There are few things about Christmas that inspire as much passion (love and hatred) as Elf on the Shelf. Huffington Post reports that the Elf on the Shelf story dates back to the 1970s and has its roots in a family tradition.
“Our elf was named Fisbee, and Fisbee of course would report to Santa Claus at night and be back in a different position in our house the next day,” notes Chandra Pitts, one of the women behind the book, The Elf on the Shelf. But when Pitts was a child, Fisbee occupied a fixed spot on the holiday tree and didn’t move. When Pitts herself became a mother, her family elf gained the ability to move at night — but it couldn’t be touched by a child, or its magic would disappear, and Elf on the Shelf as we now know it was born.
That means it’s up to the parents to make the magic happen themselves, day in and day out, and coming up with fun new hiding places and antics for your household’s Elf on the Shelf can be a daunting task — but these clever ideas will be the standouts of the holiday season.
Elf on the Shelf gets a timeout with help from Elsa
Elf is always looking for a holiday rush. He can tuck himself into a Christmas slipper and slide down the banister, or zipline down a string of Christmas lights while hanging onto a candy cane. But he doesn’t always have to be on his own — Elf can also hang out with friends from your child’s toy box and have plenty of fun, too.
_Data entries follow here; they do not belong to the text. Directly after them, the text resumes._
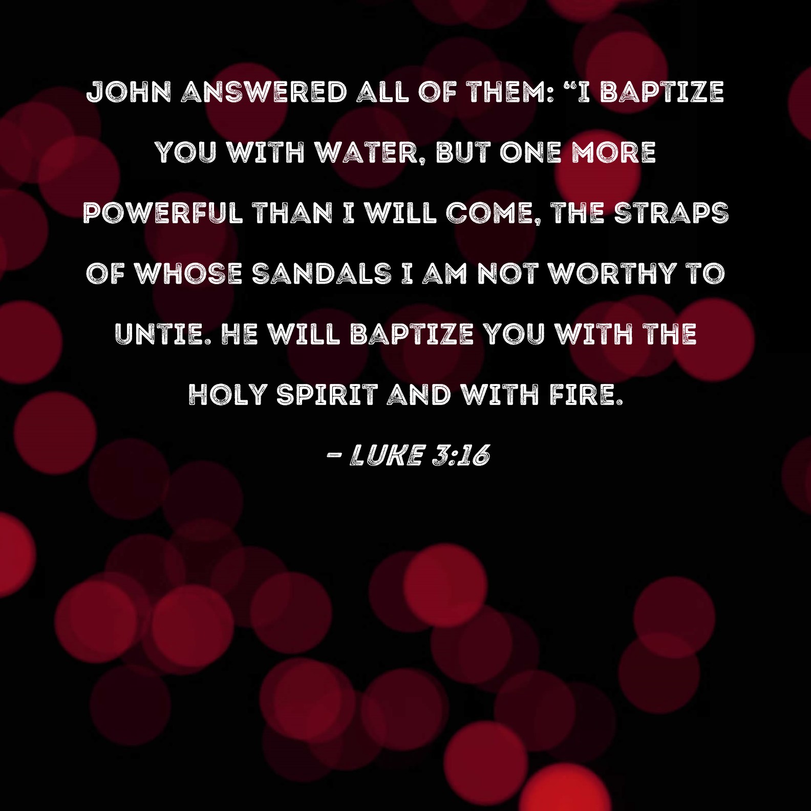 Luke 3:16 John answered all of them: "I baptize you with water, but One more powerful than I will come, the straps of whose sandals I am not worthy to untie. He will baptize you with the Holy Spirit and with fire.
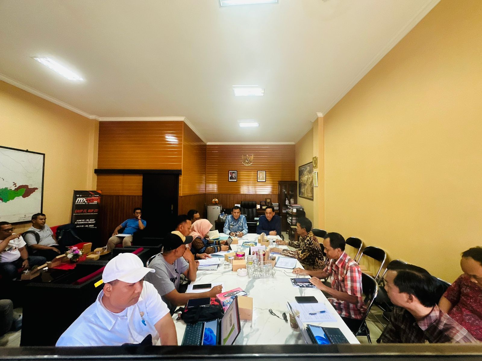 Rakor tersebut dipimpin langsung oleh Bupati Sumbawa, Dr. Ir. H. Syafruddin Jarot, M.P., didampingi Sekretaris Daerah Kabupaten Sumbawa, Dr. H. Budi Prasetyo, S.Sos., M.Ap., serta Kepala Bappeda, Dr. Dedy Heriwibowo, S.Si., M.Si. Turut hadir para pimpinan Organisasi Perangkat Daerah (OPD) yang berada di bawah koordinasi bidang infrastruktur dan kewilayahan, antara lain DPUPR, DPRKP, DLH, DKISS, Dinas Perhubungan, Satpol PP, Damkar, dan BPBD.
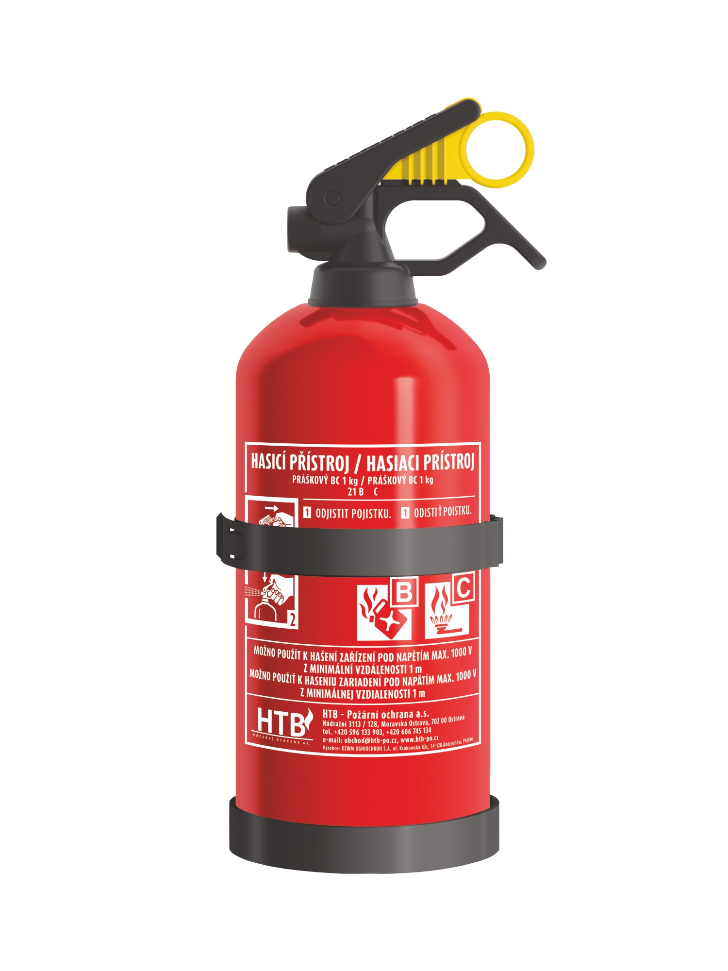Hasicí přístroj práškový s držákem, který má univerzální použití. Je ideální do automobilů, lze jej použít k hašení téměř veškerého materiálu s kterým se setkáváme - možno použít k hašení zařízení pod napětím max.1000V z minimální vzdálenosti 1m.
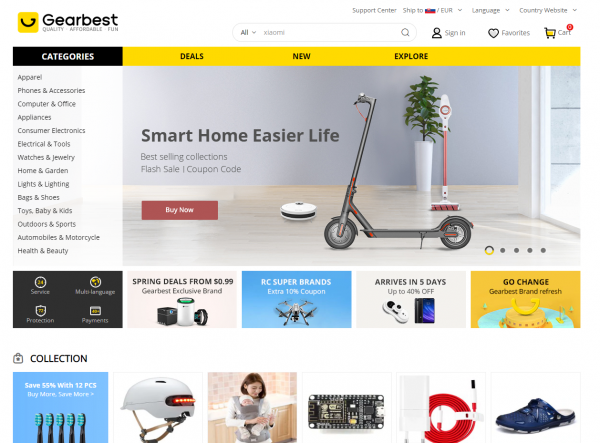 Zahraničný e-shop Gearbest je najväčším čínskym e-shopom na svete. Tento e-shop bol založený v roku 2007 v meste Shenzen. Vo svojej ponuke má viac ako 50 000 druhov tovaru, toto číslo sa naďalej zvyšuje. Priemerné mesačné zobrazenia stránky Gearbest dosahujú úroveň až 119 500 miliónov zobrazení.
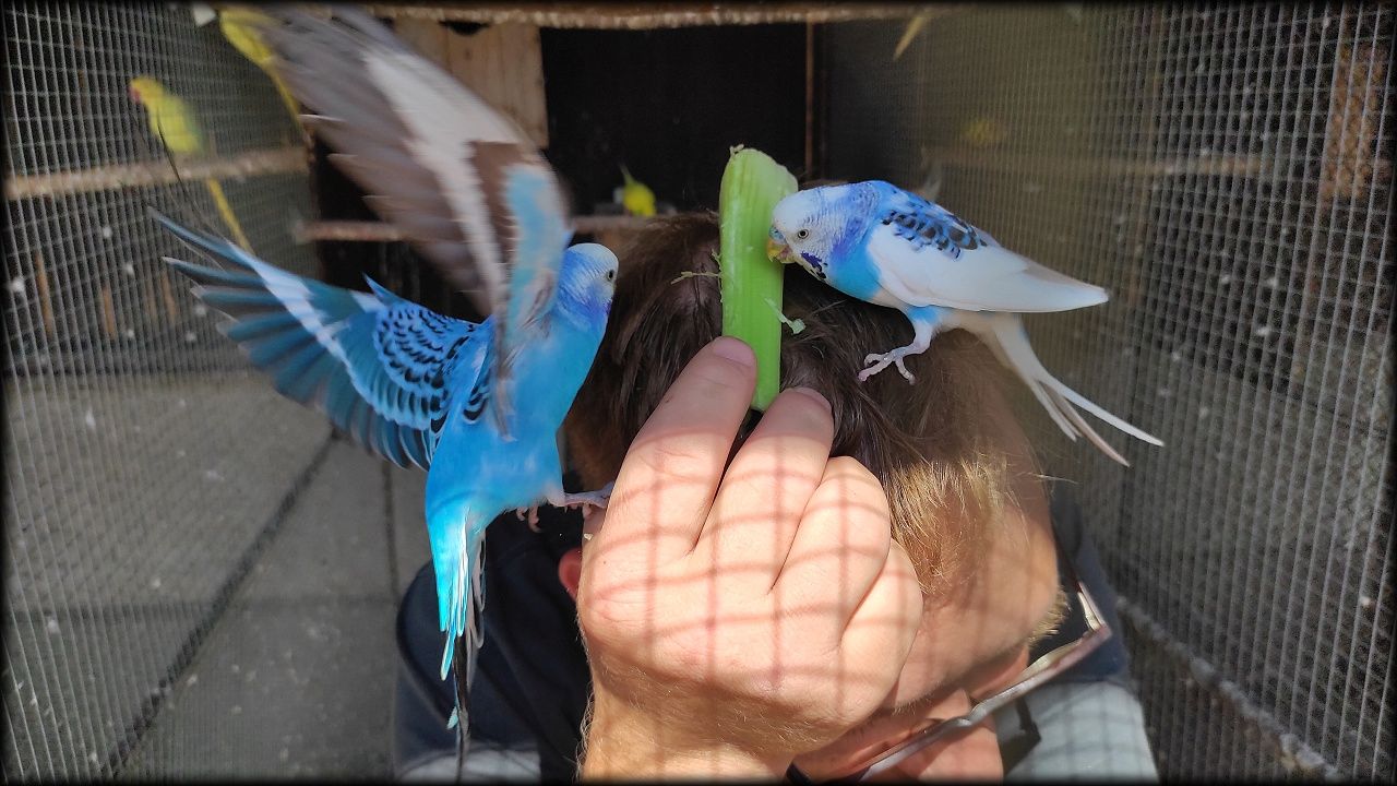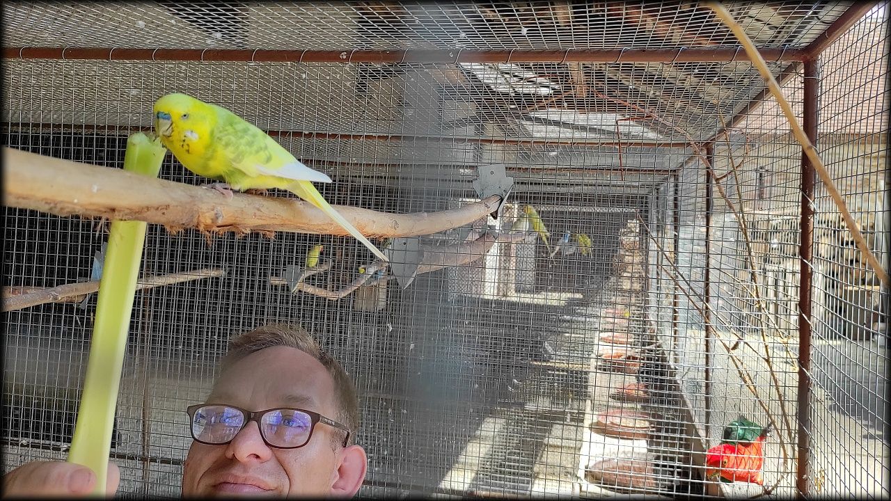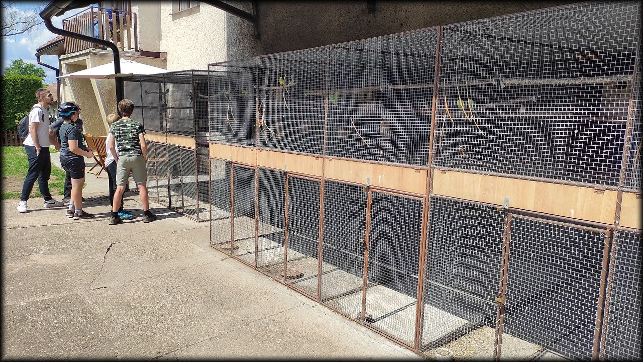 O každém druhu, který chová, nám pověděl pár zajímavostí. Je tu vidět pěkný kus každodenní práce! Už víme, že i jinak poměrně plachý pták se dá zlákat dobrým soustem. Pak se nechá i podrbat. No, i my jsme se nechali zlákat. Jen to drbání nepřišlo.
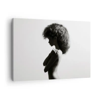 Lærredstryk - Billede på lærred - En diskret silhuet af en kvinde i sorte og hvide nuancer på en lys baggrund - 70x50cm - Som en blomst på en slank stilk - Moderne vægdekoration til stue og soveværelse ARTTOR
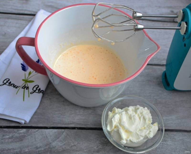 Добавьте в миску сметану и вмешайте ее миксером.
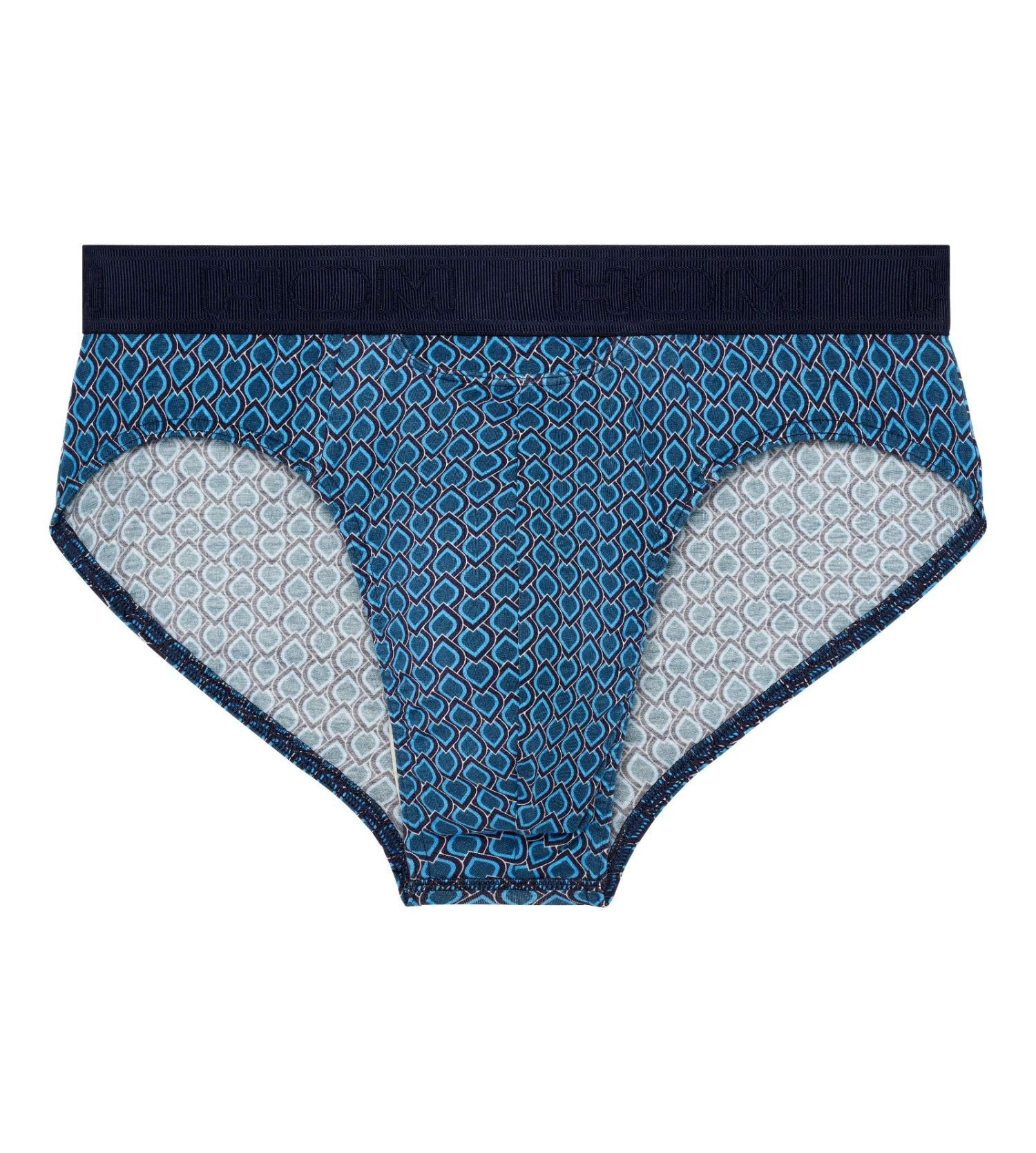 Le modèle Martinez présente un motif imprimé bleu profond sur une base sombre, complété par une ceinture en microfibre douce ornée du logo HOM. Sa coupe ergonomique et ses finitions soignées en font une pièce maîtresse de la lingerie masculine haut de gamme.

Elf’s been known to do things like hold a sack race with his friends on the mantlepiece (he’s winning of course), invite your children’s other dolls to an Elf tea, or even throw a pre-Christmas dance-off involving Christmas bauble glitter balls and some confetti. But if Elf gets too naughty, you can count on none other than Frozen‘s Elsa to keep him in line. Having Elsa do a number on Elf (aka freezing him in a cup full of water) is a good way to explain why Elf has to stay put in an Elf infirmary with a doctor’s note for a few days. While he’s recovering from a cold, you get a break from trying to think of new ways to keep Elf entertained.
Elf on the Shelf can bring your kids a snowman… kind of
Elf’s misadventure with Elsa probably means his naughty streak will continue once he’s defrosted, and this presents a good opportunity to have Elf pouring salt or sugar on kitchen countertops to make snow angels (alone or with friends), or using extra large marshmallows to build a fort against other dolls. Fun fact: Did you know Hershey’s also doubles up as Elf poop?
In case your child doesn’t think the Elf on the Shelf is the real deal unless he delivers on proof that he exists, you could always have your elf bring back a souvenir from the North Pole. We don’t know if killing a snowman means you and your elf will have to give up your spots on the nice list, but there’s always next year to try to get back on Santa’s good side. The good news is, Elf’s snowman souvenir is actually a super easy idea to pull off, provided you’re got a couple googly eyes laying around. Just grab a couple sticks from the yard, a carrot from the fridge, and fill up any vessel with water. Instant “snowman”!